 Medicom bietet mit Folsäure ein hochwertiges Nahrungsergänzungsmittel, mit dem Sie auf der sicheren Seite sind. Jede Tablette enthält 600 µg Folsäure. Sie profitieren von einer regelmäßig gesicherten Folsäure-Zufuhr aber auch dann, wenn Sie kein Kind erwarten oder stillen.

==

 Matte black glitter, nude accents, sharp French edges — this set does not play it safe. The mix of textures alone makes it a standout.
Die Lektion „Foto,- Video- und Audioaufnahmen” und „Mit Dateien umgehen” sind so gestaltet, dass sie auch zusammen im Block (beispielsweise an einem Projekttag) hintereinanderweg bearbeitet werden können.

▸ Task requirements
Each line of the data that holds "sind" should be reported.

▸ Completed exercise
 Medicom bietet mit Folsäure ein hochwertiges Nahrungsergänzungsmittel, mit dem Sie auf der sicheren Seite sind. Jede Tablette enthält 600 µg Folsäure. Sie profitieren von einer regelmäßig gesicherten Folsäure-Zufuhr aber auch dann, wenn Sie kein Kind erwarten oder stillen.
Die Lektion „Foto,- Video- und Audioaufnahmen” und „Mit Dateien umgehen” sind so gestaltet, dass sie auch zusammen im Block (beispielsweise an einem Projekttag) hintereinanderweg bearbeitet werden können.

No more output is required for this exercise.